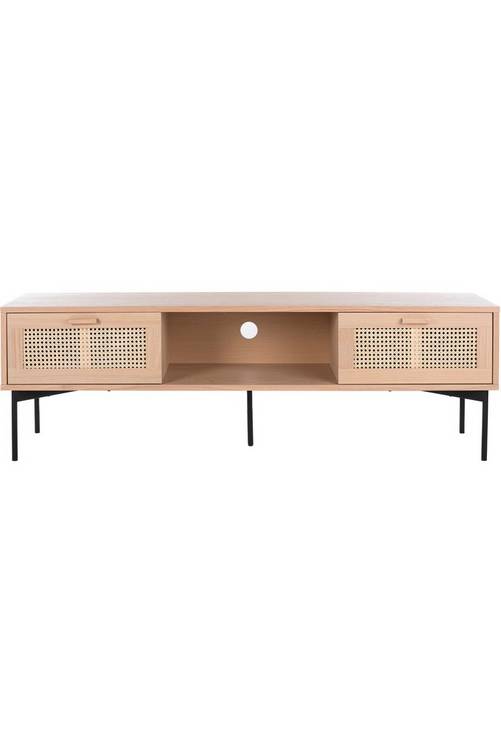 Tv-bänk i lackad ek, rotting och metall med 2 lådor. Softclose på lådor. Levereras omonterad.
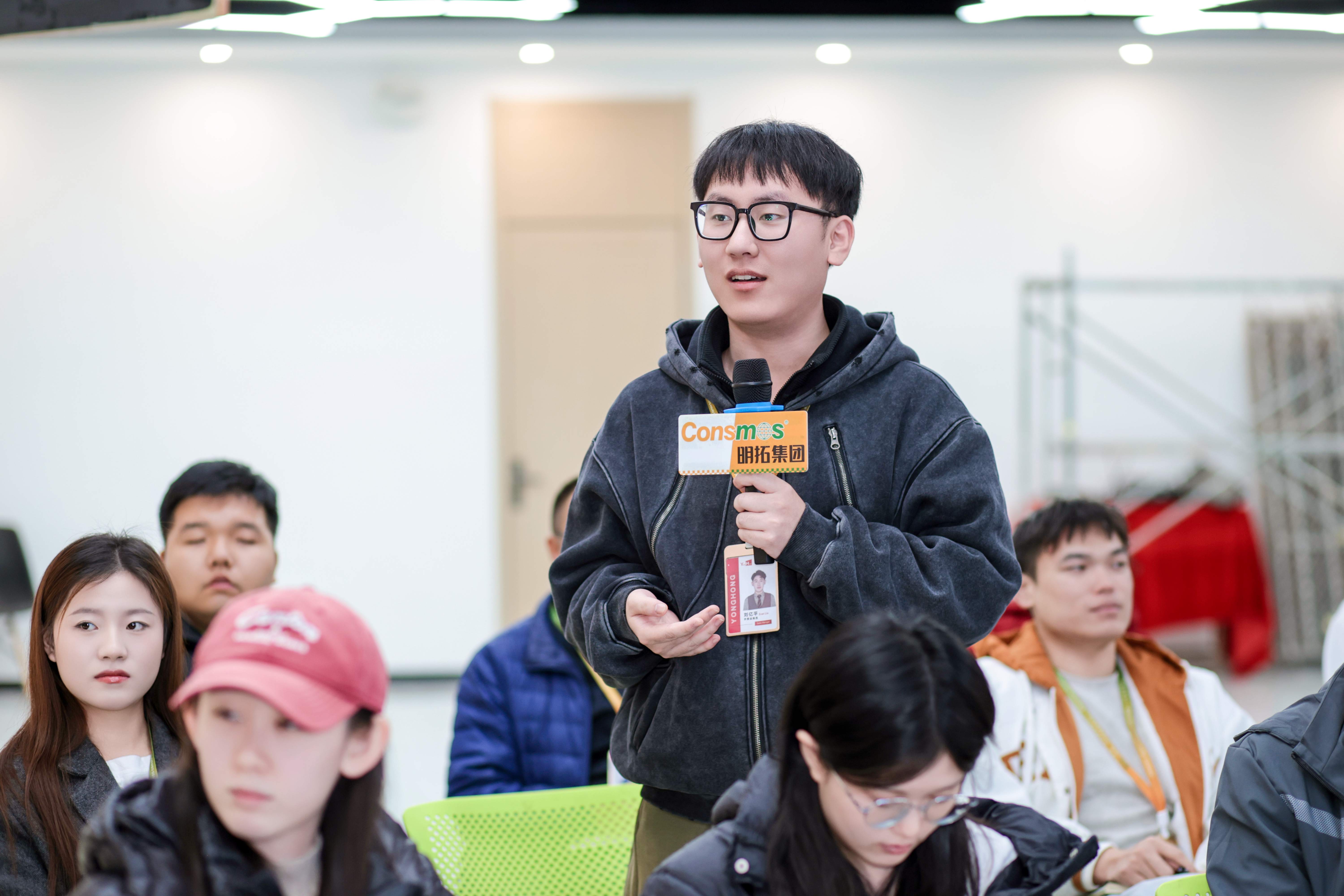 永鸿国际外贸业务员刘亿平分享了对企业品牌与名称的深度理解。通过前期学习与本次座谈会的交流,他深刻领悟到“明拓”蕴含的“开拓进取”精神,以及核心品牌“CONSMOS”的深层内涵。他表示,将以“让世界爱上中国造建材”的企业使命为指引,在实现个人理想抱负的同时,助力企业海外业务发展。
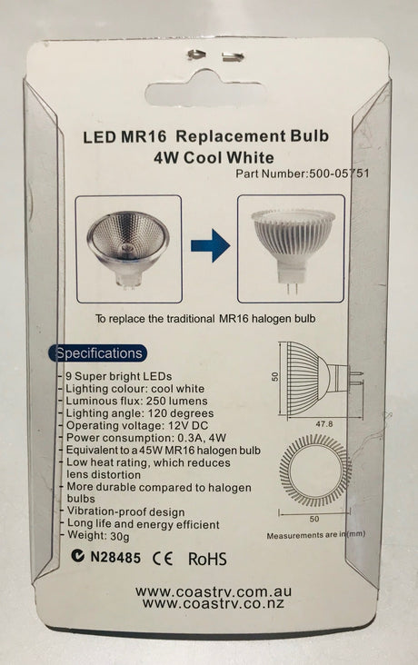 Low stock (6 units)Regular price $19.75 AUDUnit price /UnavailableLED MR16 Replacement Bulb (Cool White) 4W
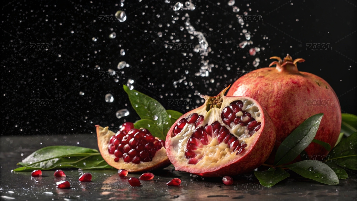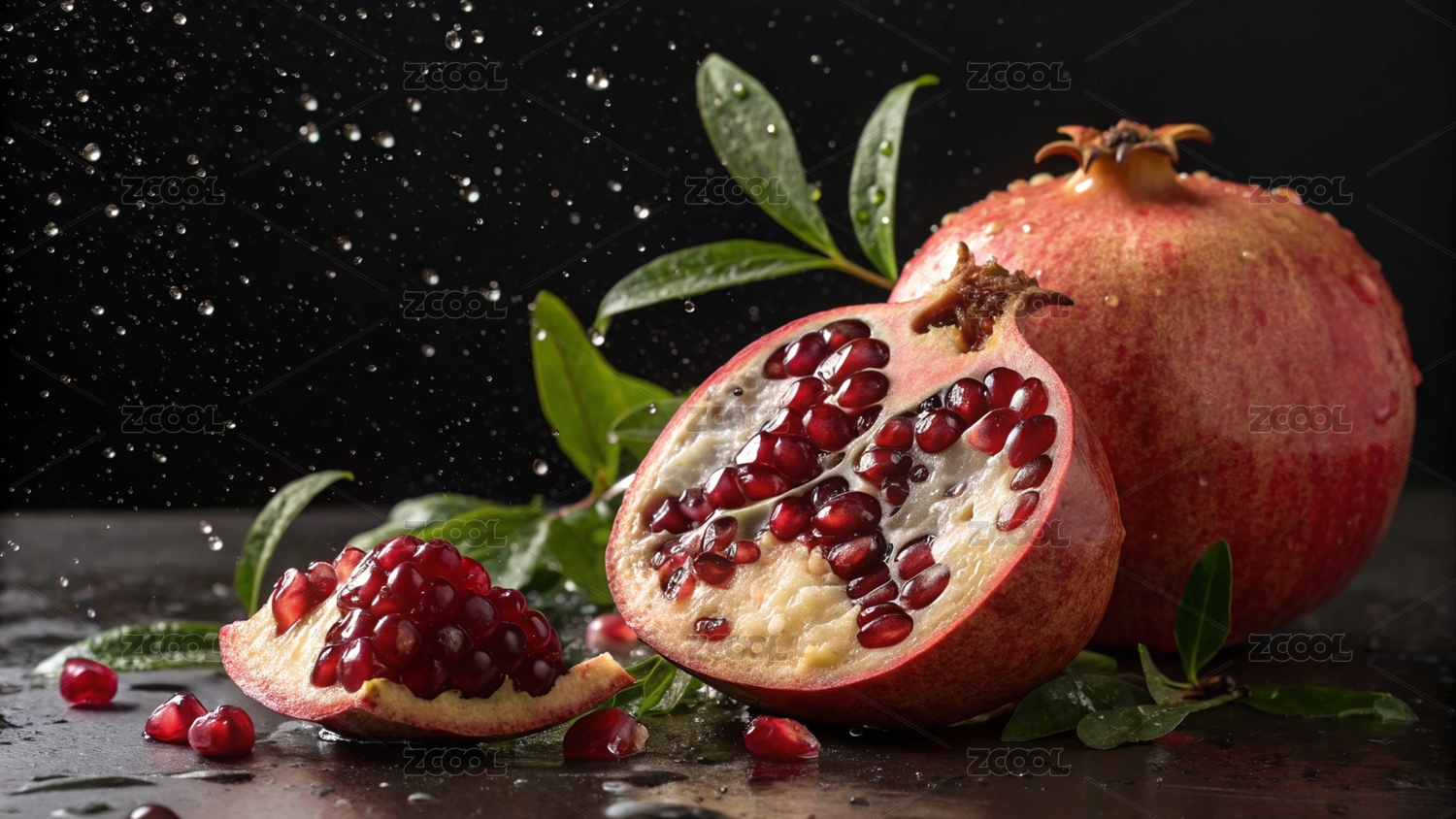 石榴,水果,水珠,绿叶,红色果实,果实,切开,果肉,籽,生鲜
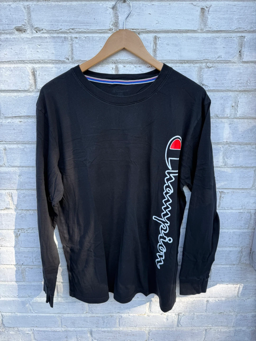 Selling a black long sleeve shirt from Champion. It features the Champion logo down the side. The shirt is in good condition and ready for a new home!
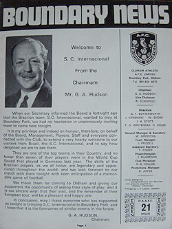 Mensagem de boas-vindas ao Sport Club Internacional, do presidente do Oldham Athletic G. A. Hudson, em 1975
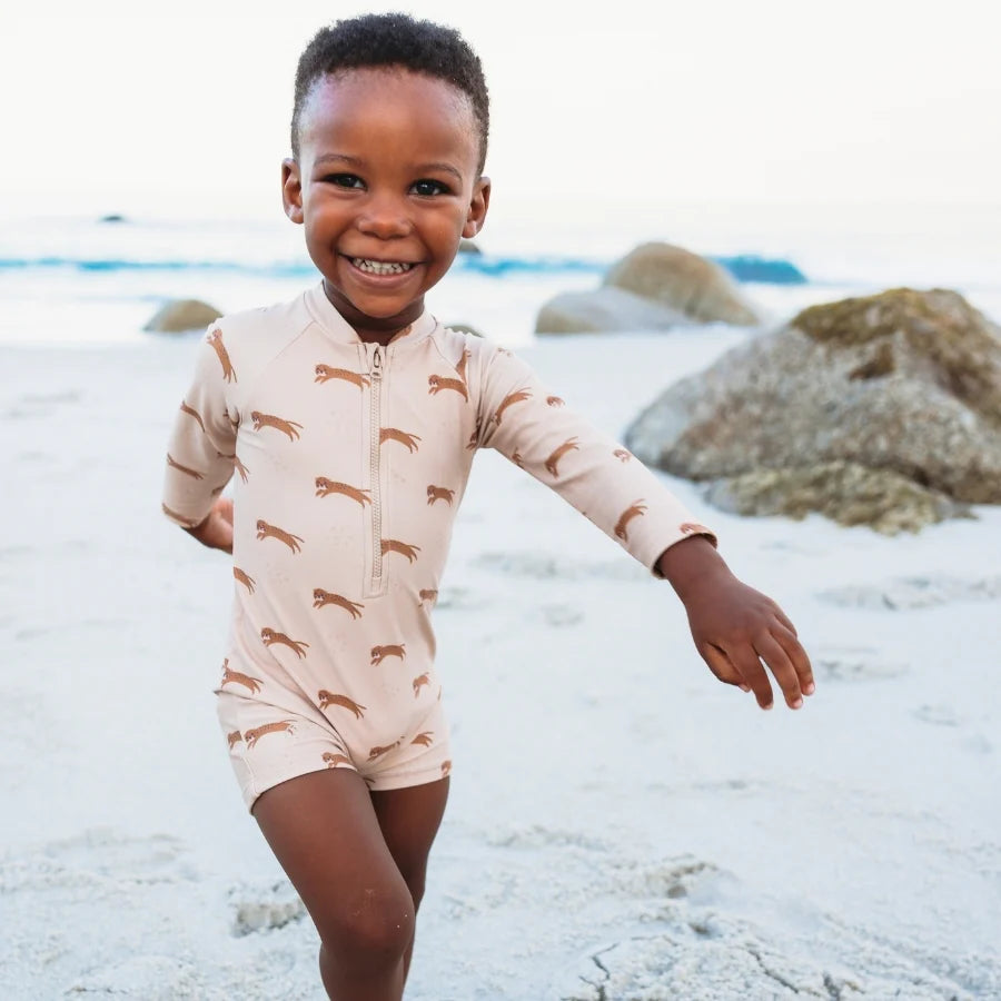 Let op valt klein! Het leukste zwempak voor de echte dieren fan! Dan is dit zwempak met lange mouwen in Brown Leopard Animal print helemaal voor hem! De opvallende print zorgt voor een stoere look, terwijl de UV-werende stof optimale bescherming biedt tijdens zonnige dagen. Perfect voor avonturiers die graag actief zijn in het water en op het strand!Het zwempak is licht, ademend en sneldrogend, waardoor je kleintje comfortabel blijft tijdens al zijn zomerse avonturen. De lange mouwen bieden extra bescherming, zodat je zorgeloos kunt genieten van zonnige dagen.Waarom dit zwempak een topper is:• Brown Leopard print voor een stoere uitstraling• UV bescherming voor extra veiligheid onder de zon• Sneldrogend en ademend voor langdurig comfort• Duurzaam en stijlvol door gerecycled materiaalLaat je kleine avonturier in stijl op verkenning gaan met dit coole zwempak!
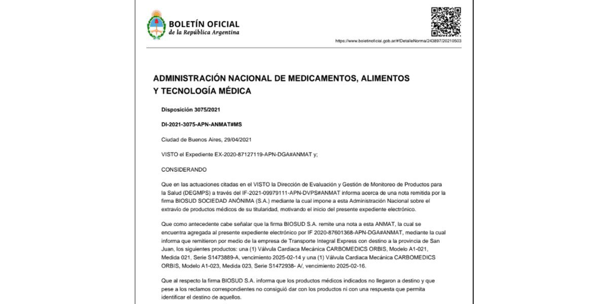 El Lunes se publicó a través de la disposición 3075/2021 en el Boletín Oficial, la Anmat informó el retiro del mercado de los productos con la siguiente información impresa en su estuche secundario: Válvula Cardiaca Mecánica CARBOMEDICS ORBIS, SIZE 21, REF A1-021, SN S1473889-A, Use by 2025-02-14. Y Válvula Cardiaca Mecánica CARBOMEDICS ORBIS, SIZE 023, REF A1-023, SN S1472938-A, Use by 2025-02-16.

◆ ◆ ◆ ◆

BRIEF – The job here is to write out the records exactly, pictures excluded.

SOLUTION –
 Tv-bänk i lackad ek, rotting och metall med 2 lådor. Softclose på lådor. Levereras omonterad.
 永鸿国际外贸业务员刘亿平分享了对企业品牌与名称的深度理解。通过前期学习与本次座谈会的交流,他深刻领悟到“明拓”蕴含的“开拓进取”精神,以及核心品牌“CONSMOS”的深层内涵。他表示,将以“让世界爱上中国造建材”的企业使命为指引,在实现个人理想抱负的同时,助力企业海外业务发展。
 Low stock (6 units)Regular price $19.75 AUDUnit price /UnavailableLED MR16 Replacement Bulb (Cool White) 4W
 石榴,水果,水珠,绿叶,红色果实,果实,切开,果肉,籽,生鲜
 Selling a black long sleeve shirt from Champion. It features the Champion logo down the side. The shirt is in good condition and ready for a new home!
 Mensagem de boas-vindas ao Sport Club Internacional, do presidente do Oldham Athletic G. A. Hudson, em 1975
 Let op valt klein! Het leukste zwempak voor de echte dieren fan! Dan is dit zwempak met lange mouwen in Brown Leopard Animal print helemaal voor hem! De opvallende print zorgt voor een stoere look, terwijl de UV-werende stof optimale bescherming biedt tijdens zonnige dagen. Perfect voor avonturiers die graag actief zijn in het water en op het strand!Het zwempak is licht, ademend en sneldrogend, waardoor je kleintje comfortabel blijft tijdens al zijn zomerse avonturen. De lange mouwen bieden extra bescherming, zodat je zorgeloos kunt genieten van zonnige dagen.Waarom dit zwempak een topper is:• Brown Leopard print voor een stoere uitstraling• UV bescherming voor extra veiligheid onder de zon• Sneldrogend en ademend voor langdurig comfort• Duurzaam en stijlvol door gerecycled materiaalLaat je kleine avonturier in stijl op verkenning gaan met dit coole zwempak!
 El Lunes se publicó a través de la disposición 3075/2021 en el Boletín Oficial, la Anmat informó el retiro del mercado de los productos con la siguiente información impresa en su estuche secundario: Válvula Cardiaca Mecánica CARBOMEDICS ORBIS, SIZE 21, REF A1-021, SN S1473889-A, Use by 2025-02-14. Y Válvula Cardiaca Mecánica CARBOMEDICS ORBIS, SIZE 023, REF A1-023, SN S1472938-A, Use by 2025-02-16.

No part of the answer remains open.